Publish mgpt2 tokenizer (GPT-2 exact merges) + eval metrics

24cf5c6 verified 12 days ago

1.8 kB

	# ace-1/mgpt2-tokenizer

	A pure-Python Byte-Pair Encoding tokenizer trained to better handle:
	- English
	- Hindi (Devanagari + transliterated Latin)
	- Kannada (Kannada script + transliterated Latin)

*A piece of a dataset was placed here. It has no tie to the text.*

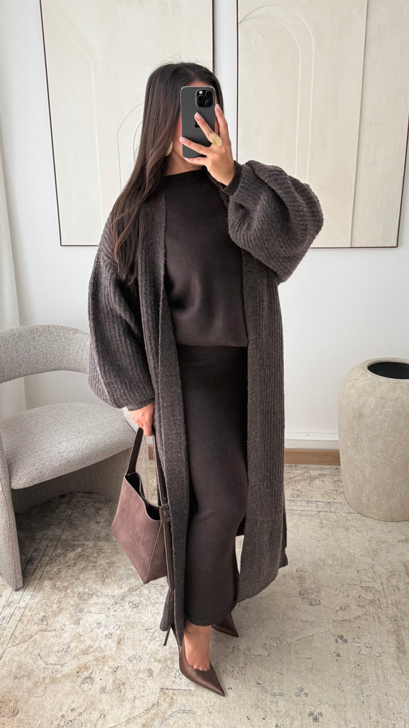 Gilet cardigan manches ballon SUZY I Marron chocolat

	This repo is meant to be used with `trust_remote_code=True`.

	## Quickstart

	```python
	from transformers import AutoTokenizer

	tok = AutoTokenizer.from_pretrained('ace-1/mgpt2-tokenizer', trust_remote_code=True)
	text = "Hello! नमस्ते! ನಮಸ್ಕಾರ! namaste! namaskara!"
	ids = tok.encode(text)
	print(len(ids), ids[:20])
	print(tok.decode(ids))
	```

	## Tokenizer spec

	- Vocabulary size: 50,257 (GPT‑2 exact terms)
	- 256 byte tokens + 50,000 merges + `<\|endoftext\|>`
	- Special tokens: `<\|endoftext\|>`
	- Implementation: custom python tokenizer under `tokenizer/` (loaded dynamically)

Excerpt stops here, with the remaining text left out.